Gedurende het grootste deel van de afgelopen zeven decennia leken de woorden van Ben Gurion hopeloos optimistisch, aangezien de ene oorlog op de andere volgde en de Arabische acceptatie van Israëls bestaansrecht als Joodse staat leek voor altijd buiten bereik. Maar ondanks aanhoudende conflicten zijn er tekenen dat de situatie begint te veranderen.
Er zijn veel redenen voor cynisme. Terwijl de koude vrede van Israël met Egypte en Jordanië stand hield, zijn alle pogingen om in het reine te komen met de Palestijnse Arabieren gestrand op bloedvergieten en wederzijdse beschuldigingen.

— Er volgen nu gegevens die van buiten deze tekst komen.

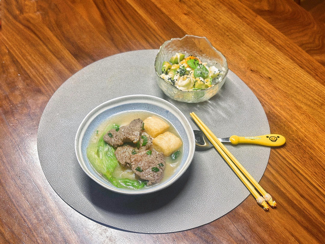 葱烧和牛鱼豆腐汤河粉,鸡蛋牛油果香蕉沙律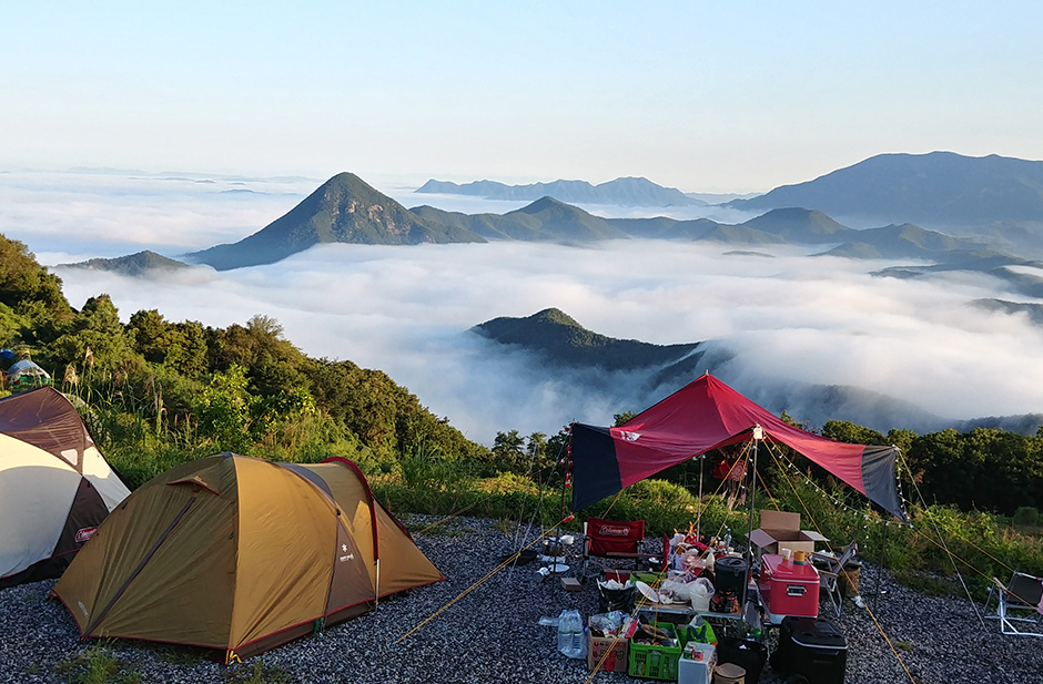 경북 군위 화산 해발 600미터 위에 있는 산속 캠핑장이다. 산정상에 있는 캠핑장으로 일부는 비포장 구간이 있어 날씨 확인 후 이용하는 것이 좋다. 캠핑장에서 보이는 풍경, 저녁 노을과 이름처럼 저녁 바람이 좋은 캠핑장이다.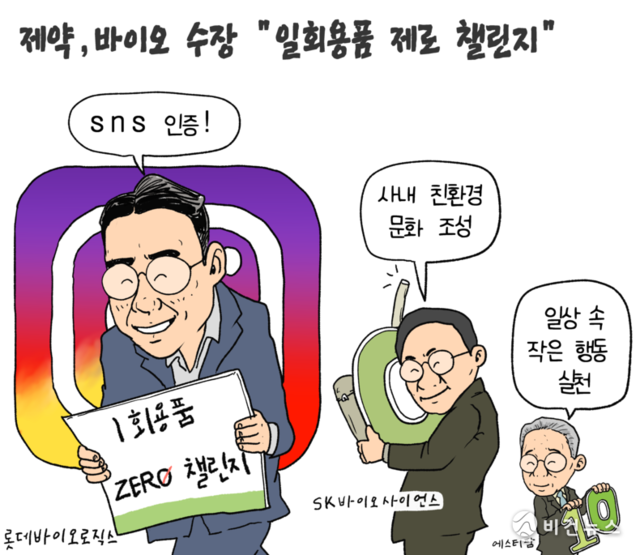 [비건만평] 제약·바이오 수장 '일회용품 제로 챌린지' 동참…"작은 실천으로 탄소중립 시작"
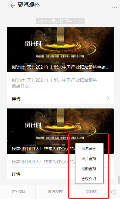 本次会议共设置有两个直播渠道,包括图片直播及视频直播,您可以在 “聚汽观察”公众号主页内获取相关链接: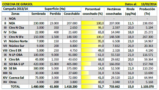 Bajo este panorama, luego de haberse implantado una superficie de 1,08 MHa a nivel nacional, nuestra proyección productiva para la campaña en curso es de , cifra que representa 4.300.000 toneladasuna caída interanual del -4,5% (campaña 2012/13: 4,5 MTn).

Voor degenen onder ons die dachten dat er in 1993 een nieuw tijdperk aanbrak toen Yasser Arafat en Yitzchak Rabin elkaar de hand schudden op het gazon van het witte huis, was de ontgoocheling bijzonder bitter.

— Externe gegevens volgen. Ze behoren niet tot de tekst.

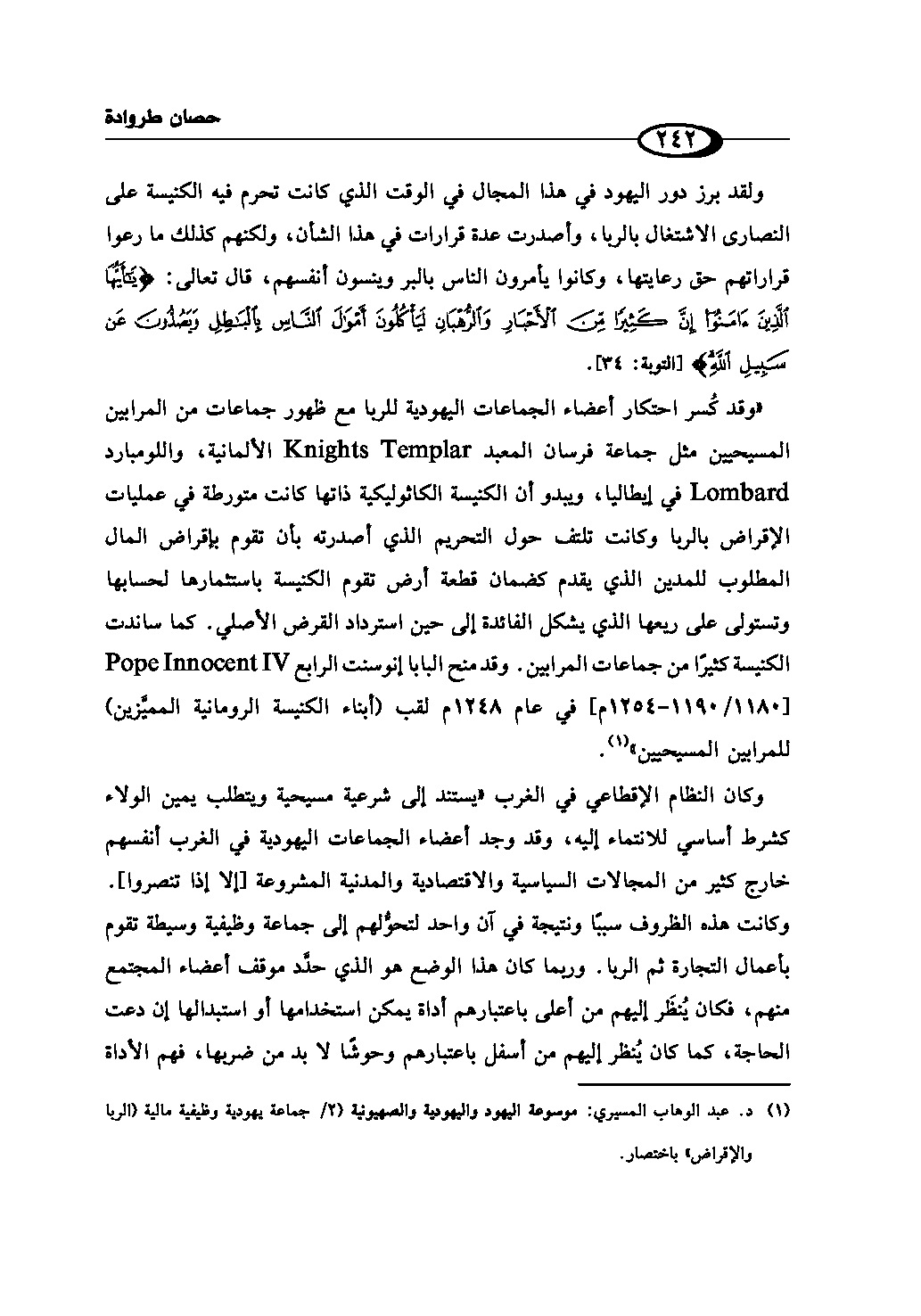 «وقد كُسر احتكار أعضاء الجماعات اليهودية للربا مع ظهور جماعات من المرابين المسيحيين مثل جماعة فرسان المعبد Knights Templar الألمانية، واللومبارد Lombard في إيطاليا، ويبدو أن الكنيسة الكاثوليكية ذاتها كانت متورطة في عمليات الإقراض بالربا وكانت تلتف حول التحريم الذي أصدرته بأن تقوم بإقراض المال المطلوب للمدين الذي يقدم كضمان قطعة أرض تقوم الكنيسة باستثمارها لحسابها وتستولى على ريعها الذي يشكل الفائدة إلى حين استرداد القرض الأصلي. كما ساندت الكنيسة كثيرًا من جماعات المرابين. وقد منح البابا إنوسنت الرابع Pope Innocent IV [1180/ 1190 - 1254 م] في عام 1248م لقب (أبناء الكنيسة الرومانية المميَّزين) للمرابين المسيحيين» (¬2).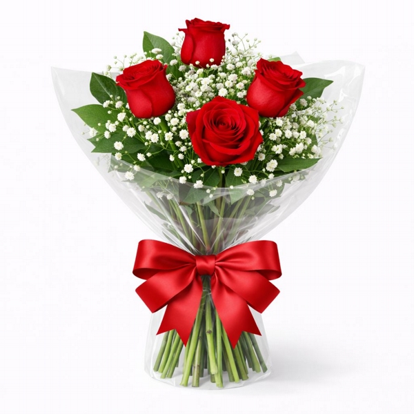 Clássico e elegante, este buquê é composto por 4 rosas vermelhas, com folhagens e acabamento em papel celofane e laço de fita, ideal para expressar amor, carinho e admiração em qualquer ocasião especial.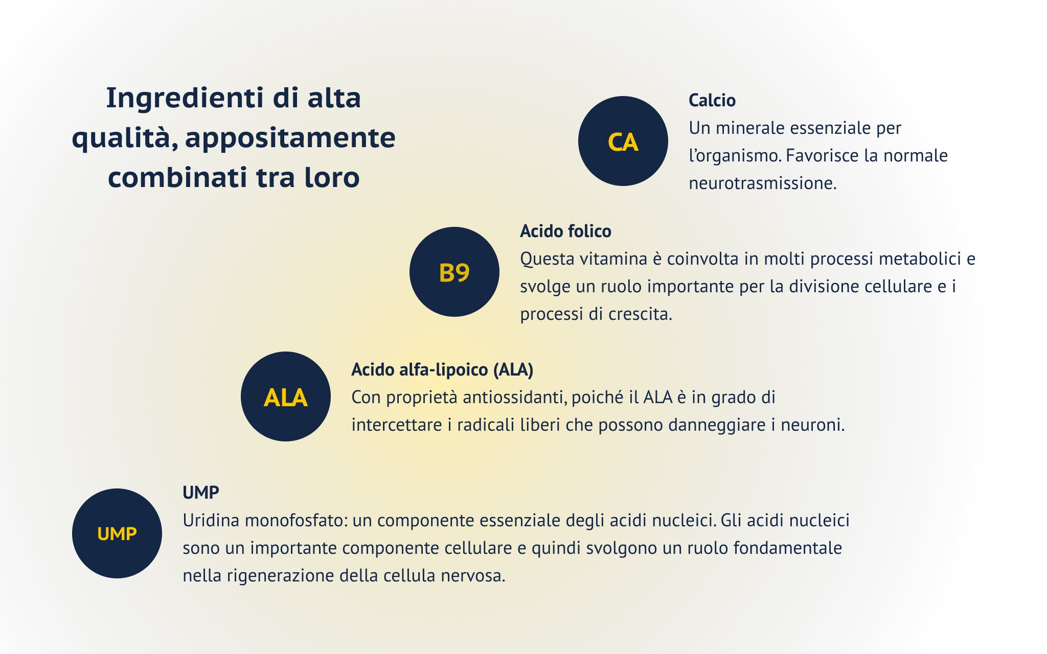 • Uridina Monofosfato (UMP) è un componente essenziale degli acidi nucleici. Gli acidi nucleici sono un elemento chiave delle cellule e svolgono un ruolo fondamentale nella rigenerazione delle cellule nervose.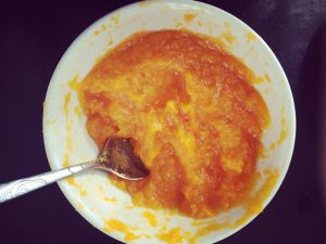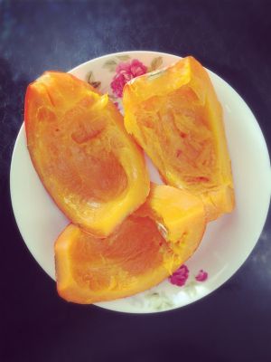南瓜去皮切片,放容器里盖盖高火4分钟就熟了,用勺子背儿碾成泥状。

De moord op Yitzchak Rabin en de opkomst van terrorisme uit de Palestijnse Gebieden na 2000 gingen gepaard met de verklaring van Durban en een hernieuwde poging om de wereld ervan te overtuigen dat het zionisme kolonialistisch en racistisch was en om van Israël een internationale paria te maken.
Nu, in slechts een paar maanden, hebben we dramatische en bemoedigende ontwikkelingen gezien in de Israëlisch-Arabische betrekkingen. De normalisatieovereenkomst met de Verenigde Arabische Emiraten heeft razendsnel geleid tot sterk groeiende economische en politieke contacten.
De ontevredenheid van de Israëlische Arabieren over de Gezamenlijke Lijst, zoals verwoord door de burgemeester van Nazareth, werd gedeeltelijk aangewakkerd door hun standpunt tegen het vredesakkoord van de VAE, dat populair is bij veel van hun Israëlisch-Arabische aanhangers.
Nu de nieuwe ambassadeur van de Verenigde Arabische Emiraten zijn post opneemt en de Israëli’s zich opnieuw voorbereiden om naar de stembus te gaan, zien we misschien eindelijk het begin van dat tijdperk van Arabisch-Israëlische samenwerking, voorzien door David Ben Gurion.